It is hard to think of any item of sportswear as ubiquitous as the short-sleeve cotton piqué shirt with a placket and a small collar. Today, it slips, chameleon-like, between sporting disciplines with fluid ease. In the buggy and on the green, it is known as the golf shirt. Among the mallet-wielding, centaur-like sportsmen of Argentina—as well as those who shop at Ralph Lauren—it is known as the polo. And during what the British ironically refer to as "flaming June," when first the Queen's Club and then Wimbledon's Centre Court become the focus of the nation's attention, it is known as the tennis shirt.Get more news about cheap womens lacoste polo shirts,you can vist kictg.com!

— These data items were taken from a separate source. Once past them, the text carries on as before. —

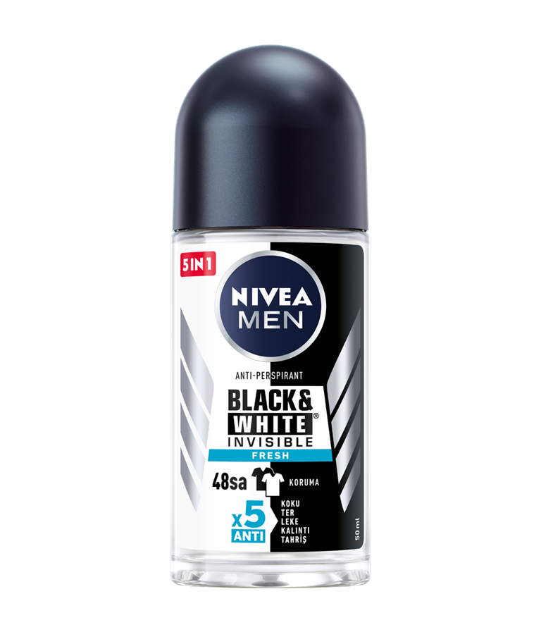 Vienas antiperspirantas – penkeriopa apsauga: NIVEA MEN „Black & White“. Sukurti ekspertų, mūsų dezodorantų linijos produktai patikimai apsaugo tave nuo prakaitavimo.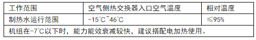 2)為了保持良好的性能,請在下面的室外溫度條件下運轉機組: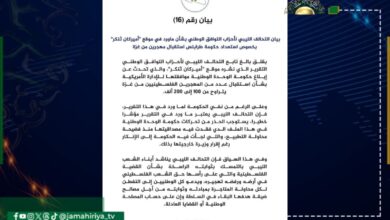 حذر التحالف الليبي لأحزاب التوافق، من تحركات حكومة التطبيع بعد التقرير الذي نشره موقع “أمريكان ثنكر”، والذي تحدث عن إبلاغ…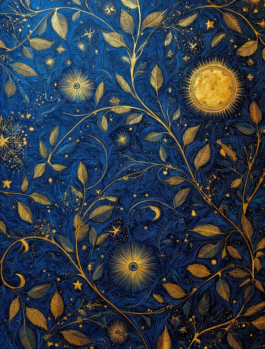 Создано на основе запроса: celestial tapestry depicting the night sky, with stars and moons interwoven into intricate patterns of vines and leaves. Nibiru is a golden orb against an indigo background, casting long shadows on the starry canvas. In hues of midnight blue, gold accents highlight each element in shimmering detail. This detailed artwork captures cosmic beauty through meticulous line work and delicate shading. --- Автоперевод: Небесный гобелен, изображающий ночное небо, со звездами и лунами, переплетенными в замысловатые узоры лоз и листьев. Интересно выглядит? 🤔 https://dzen.ru/id/65c0c65c86e4f837c27b24d7 #ИИ #AI #нейросеть #midjourney #art

But whatever you call it, the shirt is a universally accepted form of dress, worn by world leaders when they want to strike a note of—often awkward—informality. The corporate world too has embraced it: Along with the company-branded rucksack, the logo polo is a core component of the delegate welcome pack at most two-day seminars or annual business retreats. It is also one of the chief pillars in the summer wardrobe of "dad wear"—an inoffensive garment spotted at countless garden barbecues, where it is accessorized with a bottle of lager welded into the fist. Such is its ubiquity that, come Wimbledon, it is almost a surprise to be reminded that it was once a genuine item of sporting apparel.

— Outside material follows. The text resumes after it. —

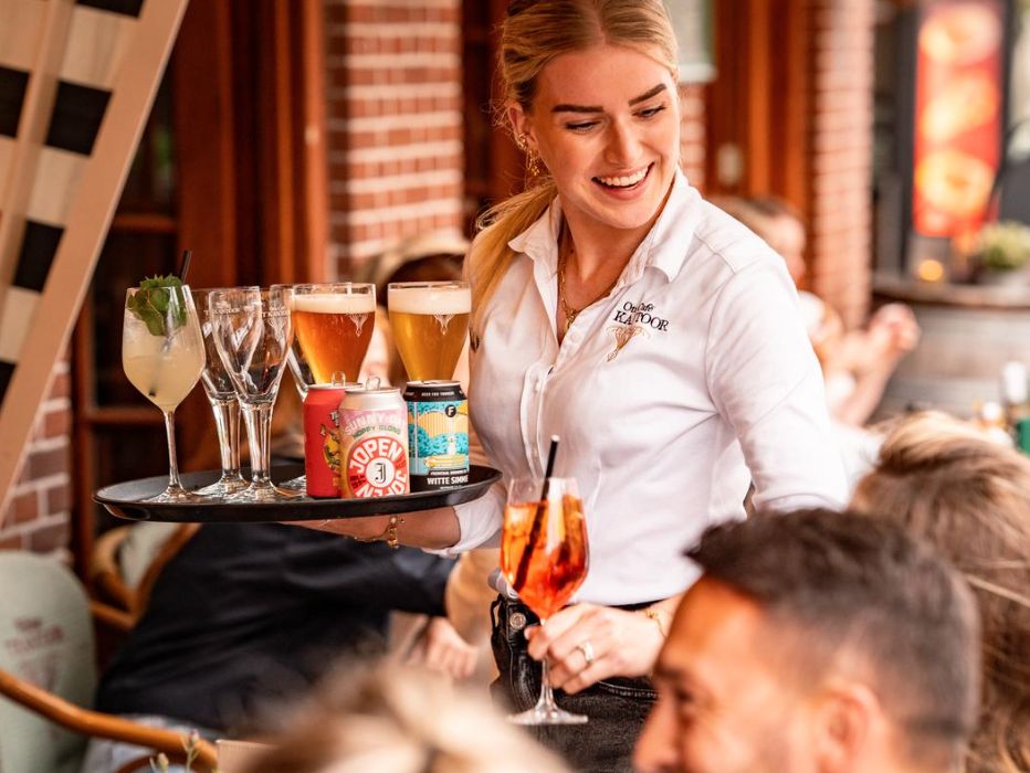 Inside, there's a cozy, friendly café atmosphere that often becomes lively, especially later in the evening. Wooden tables, a bar full of wine bottles, and the buzz of guests create a warm, informal ambiance. On sunny days, the terrace by the water quickly fills up with people enjoying a drink while the city life of Alkmaar passes by.

And yet, mirabile dictu, there was a time when exercise and the clothing that accompanied it were considered shockingly modern. "Exercise!" explodes Algernon, the wealthy, idle bachelor in Oscar Wilde's The Importance of Being Earnest. "Good God! No gentleman ever takes exercise." Wilde wrote that play in 1895, and yet by 1913 exercise—tennis, in particular—was center stage with Jeux, a ballet about a game of tennis, premiering in Paris, written for the Ballets Russes of Sergei Diaghilev. Costumes were by Diaghilev's longtime collaborator Léon Bakst. In the fall of 2010, London's Victoria and Albert Museum mounted an exhibition about the Ballets Russes. In the catalog essay, art historian John Bowlt wrote that "the monochrome, functional sportswear for the Tennis Players in Jeux was not so very far from the Constructivist prozodezhda (work clothing) of Liubov Popova and her close colleague, the avant-garde designer Varvara Stepanova."
It seems that Diaghilev was determined to keep constructivist-style sportswear in the cultural vanguard. It was a major feature of Le Train Bleu, the famous one-act whimsical ballet (or danced operetta, as it was called at the time) developed with Jean Cocteau and named after the luxurious express train to the Côte d'Azur. It was a significant cultural moment, not least because its dancers wore sportswear-inspired costumes designed by Coco Chanel that reflected the prevailing mania for pursuing vigorous pastimes such as tennis, golf and swimming.